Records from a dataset
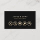 Esta casa y la tarjeta de visita general de reparación cuentan con un fondo negro de chorro. En la mitad inferior de la tarjeta aparecen cinco iconos dorados relacionados con las reparaciones de la casa, con el nombre de su empresa y el eslogan o el texto en negrita en la mitad superior. Los datos de contacto aparecen en la parte posterior de la tarjeta. Los pequeños iconos crean un aspecto profesional muy impresionante.
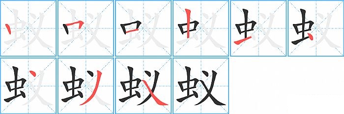 《蚁》字的笔顺分步演示图(一笔一画写汉字)
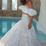Todelt sæt: maxikjole med flæser og off-shoulder blomsterprint
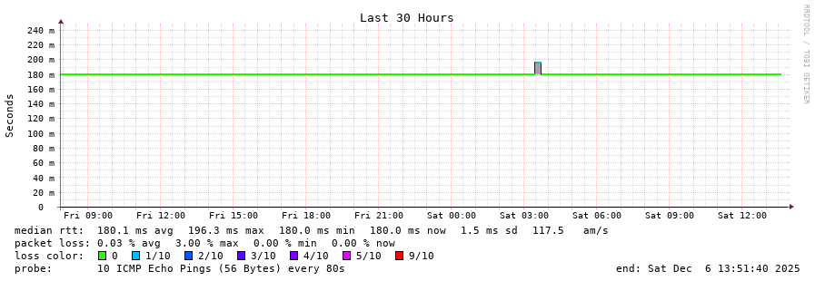 10 > 185.70.203.57 (185.70.203.57) [AS6762] 180.080ms 180.050ms 180.202ms
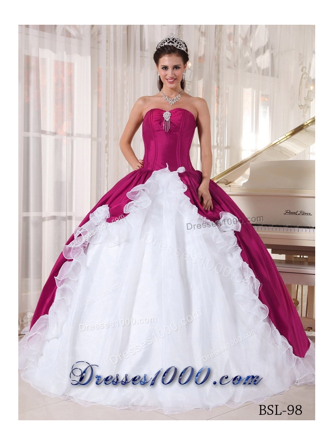Fuchsia Quinceanera Dresses, Fuchsia and White Ball Gown Sweetheart Floor-length Organza and Taffeta Beading Quinceanera Dress
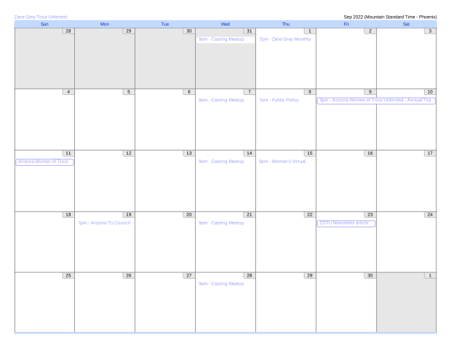 AZ Trout Unlimited & Chapters, Arizona Flycasters Club and several other area fishing and conservation calendars
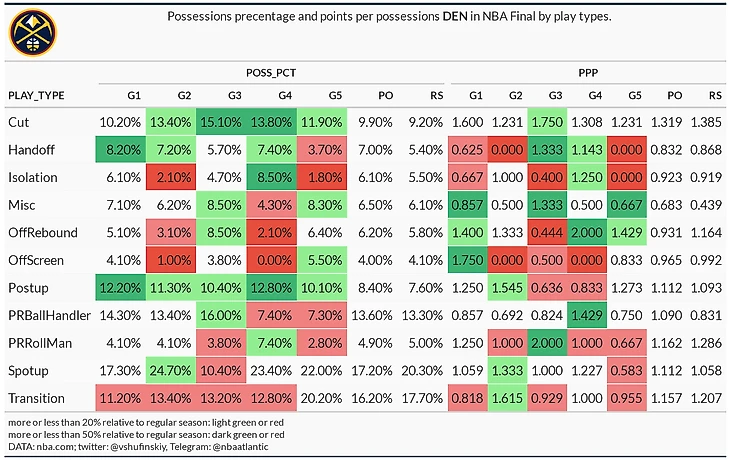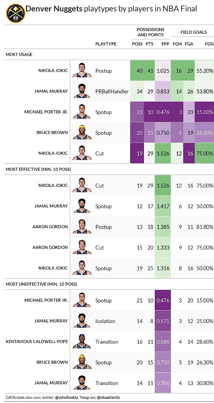 Распределение типов владений у Денвера во время финала было нетипичным: команда играла много катов и пост-апов, при этом быстрые атаки только в последней игре серии составили больше 15% от всех владений. В третьей игре серии Наггетс резко уменьшили число спот-апов (в два раза меньше, чем в других играх серии), а в 4 и 5 также в два раза рухнуло использование PNR BH. Но у этого падения есть логическое объяснение: эффективность PNR BH в первых трех играх не превышала 0.9 PPP. Вообще третья игра серии в исполнении Денвера была очень необычной. В ней не было ни одного типа владения, который составил бы хотя бы одну пятую от всех розыгрышей. Максимум в третьей игре – это 16% PNR BH. При этом 7 типов имеют использование 8+ процентов. Каты, несмотря на сильно возросшее использование, были очень хороши и по эффективности, лишь раз упав ниже 1.3 PPP. А вот с быстрыми атаками и пик-н-роллами у команды из Колорадо все было так себе. У каждого типа есть только по одной игре, в которой он работал хорошо. В остальных они были либо ниже среднего, либо просто ужасны.
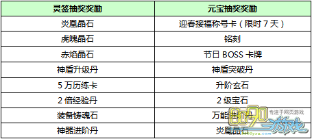 【活动内容】活动期间玩家可使用灵签及元宝进行抽奖,增加气氛值,使用灵签与元宝增加的气氛值不等,总气氛值达到一定值可触发全服打怪双倍经验,玩家抽奖次数有限,VIP等级越高次数越多,抽奖可随机获得超值奖励。
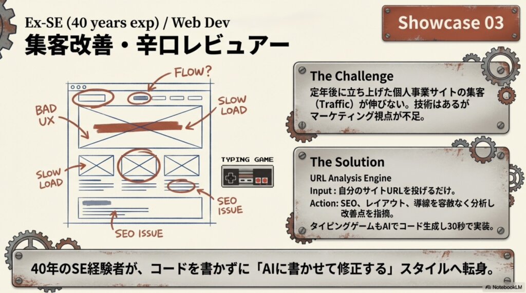 「技術的なことはできても、マーケティングや見せ方はまた別。でもAIがいれば、自分一人では気づけない『弱点』を冷静に教えてくれる」。40年のキャリアを持つベテランが、AIという新しい鏡を通じて、自分のビジネスを再定義していく姿。それは、「経験」と「最新技術」が掛け合わさった時に生まれる、シニア世代の圧倒的な強さを感じさせるものでした。
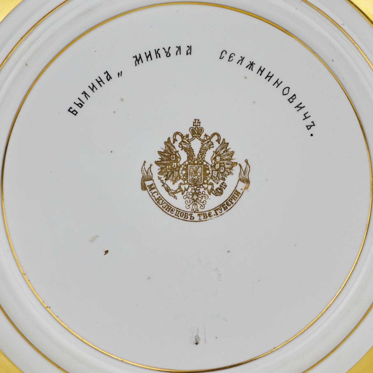 Большая фарфоровая декоративная тарелка с жанровой сценой, исполненной в технике полихромной росписи, расположенной в зеркале тарелки и стилизованным лиственным орнаментом в русском стиле по плоскому борту блюда. Живописная роспись тарелки выполнена вручную. По рельефному краю борта тарелки нанесена золотая и синяя декоративные полосы. Такое декоративной убранство и плоский борт придает тарелке вид жанровой картинки, оформленной в красивую расписную рамку. Оборотная сторона тарелки декорирована по ее борту золотым крытьем и надписью с названием сюжета росписи. Жанровая сцена в центре тарелки выполнена на мотив русской былины «Микула Селянинович», о чем сообщает надпись на дне блюда - былина «Микула Селянинович». Изображен эпизод призвания богатырем Вольгой Святославичем Микулы Селяниновича, для сбора податей.Типичным является изображение былинного героя не в изящные сапоги, а в простые крестьянские лапти. Некоторые исследователи русского эпоса трактуют эту сцену как встречу бога-охотника с богом пахарем. Такая трактовка связана с тем, что Микула Селянинович в русской культуре олицетворял бога земледелия. В нижней левой части жанровой картинки указана подпись художника-керамиста, представленная в виде монограммы, состоящей из латинской и русской заглавных печатных букв «DБ» (неизвестный художник фабрики Кузнецова). Тарелка входит в состав серии из нескольких аналогичных тарелок декорированных на тему русского народного эпоса (не менее 9 штук), исполненных в русском стиле во второй половине 19 века (1870-1880-е годы) на Тверской фаянсовой фабрике М.С.Кузнецова,. Тверская фаянсовая фабрика была приобретена М.С.Кузнецовым в 1870 году, которая уже при первом хозяине и основателе фабрики (семейство Ауэрбах) прославилась в России изделиями в псевдорусском стиле. Серия былинных тарелок Тверской фабрики, возможно, экспонировалась на Политехнической выставке 1889 года. Производственная марка фабрики М.С. Кузнецова в Твери в виде малого государственного герба - двуглавый орел и надписи «М.С. Кузнецов Твер губерн», расположенной на ленте. Печатная марка исполнена золотом, что свидетельствует об особом назначении предмета.Российская империя, Тверская губерния. Фабрика М.С.Кузнецова. 1870-1889 годы. Фарфор, ручная полихромная роспись, золочение, золотое крытье. Коллекционная сохранность. Диаметр - 25.5 см, вес - 668 гр.

» Task statement:
Your reply is the full set of entries reproduced exactly, with images omitted.

» Problem solution:
 Esta casa y la tarjeta de visita general de reparación cuentan con un fondo negro de chorro. En la mitad inferior de la tarjeta aparecen cinco iconos dorados relacionados con las reparaciones de la casa, con el nombre de su empresa y el eslogan o el texto en negrita en la mitad superior. Los datos de contacto aparecen en la parte posterior de la tarjeta. Los pequeños iconos crean un aspecto profesional muy impresionante.
 《蚁》字的笔顺分步演示图(一笔一画写汉字)
Todelt sæt: maxikjole med flæser og off-shoulder blomsterprint
 10 > 185.70.203.57 (185.70.203.57) [AS6762] 180.080ms 180.050ms 180.202ms
Fuchsia Quinceanera Dresses, Fuchsia and White Ball Gown Sweetheart Floor-length Organza and Taffeta Beading Quinceanera Dress
 AZ Trout Unlimited & Chapters, Arizona Flycasters Club and several other area fishing and conservation calendars
 Распределение типов владений у Денвера во время финала было нетипичным: команда играла много катов и пост-апов, при этом быстрые атаки только в последней игре серии составили больше 15% от всех владений. В третьей игре серии Наггетс резко уменьшили число спот-апов (в два раза меньше, чем в других играх серии), а в 4 и 5 также в два раза рухнуло использование PNR BH. Но у этого падения есть логическое объяснение: эффективность PNR BH в первых трех играх не превышала 0.9 PPP. Вообще третья игра серии в исполнении Денвера была очень необычной. В ней не было ни одного типа владения, который составил бы хотя бы одну пятую от всех розыгрышей. Максимум в третьей игре – это 16% PNR BH. При этом 7 типов имеют использование 8+ процентов. Каты, несмотря на сильно возросшее использование, были очень хороши и по эффективности, лишь раз упав ниже 1.3 PPP. А вот с быстрыми атаками и пик-н-роллами у команды из Колорадо все было так себе. У каждого типа есть только по одной игре, в которой он работал хорошо. В остальных они были либо ниже среднего, либо просто ужасны.
 【活动内容】活动期间玩家可使用灵签及元宝进行抽奖,增加气氛值,使用灵签与元宝增加的气氛值不等,总气氛值达到一定值可触发全服打怪双倍经验,玩家抽奖次数有限,VIP等级越高次数越多,抽奖可随机获得超值奖励。
 「技術的なことはできても、マーケティングや見せ方はまた別。でもAIがいれば、自分一人では気づけない『弱点』を冷静に教えてくれる」。40年のキャリアを持つベテランが、AIという新しい鏡を通じて、自分のビジネスを再定義していく姿。それは、「経験」と「最新技術」が掛け合わさった時に生まれる、シニア世代の圧倒的な強さを感じさせるものでした。
 Большая фарфоровая декоративная тарелка с жанровой сценой, исполненной в технике полихромной росписи, расположенной в зеркале тарелки и стилизованным лиственным орнаментом в русском стиле по плоскому борту блюда. Живописная роспись тарелки выполнена вручную. По рельефному краю борта тарелки нанесена золотая и синяя декоративные полосы. Такое декоративной убранство и плоский борт придает тарелке вид жанровой картинки, оформленной в красивую расписную рамку. Оборотная сторона тарелки декорирована по ее борту золотым крытьем и надписью с названием сюжета росписи. Жанровая сцена в центре тарелки выполнена на мотив русской былины «Микула Селянинович», о чем сообщает надпись на дне блюда - былина «Микула Селянинович». Изображен эпизод призвания богатырем Вольгой Святославичем Микулы Селяниновича, для сбора податей.Типичным является изображение былинного героя не в изящные сапоги, а в простые крестьянские лапти. Некоторые исследователи русского эпоса трактуют эту сцену как встречу бога-охотника с богом пахарем. Такая трактовка связана с тем, что Микула Селянинович в русской культуре олицетворял бога земледелия. В нижней левой части жанровой картинки указана подпись художника-керамиста, представленная в виде монограммы, состоящей из латинской и русской заглавных печатных букв «DБ» (неизвестный художник фабрики Кузнецова). Тарелка входит в состав серии из нескольких аналогичных тарелок декорированных на тему русского народного эпоса (не менее 9 штук), исполненных в русском стиле во второй половине 19 века (1870-1880-е годы) на Тверской фаянсовой фабрике М.С.Кузнецова,. Тверская фаянсовая фабрика была приобретена М.С.Кузнецовым в 1870 году, которая уже при первом хозяине и основателе фабрики (семейство Ауэрбах) прославилась в России изделиями в псевдорусском стиле. Серия былинных тарелок Тверской фабрики, возможно, экспонировалась на Политехнической выставке 1889 года. Производственная марка фабрики М.С. Кузнецова в Твери в виде малого государственного герба - двуглавый орел и надписи «М.С. Кузнецов Твер губерн», расположенной на ленте. Печатная марка исполнена золотом, что свидетельствует об особом назначении предмета.Российская империя, Тверская губерния. Фабрика М.С.Кузнецова. 1870-1889 годы. Фарфор, ручная полихромная роспись, золочение, золотое крытье. Коллекционная сохранность. Диаметр - 25.5 см, вес - 668 гр.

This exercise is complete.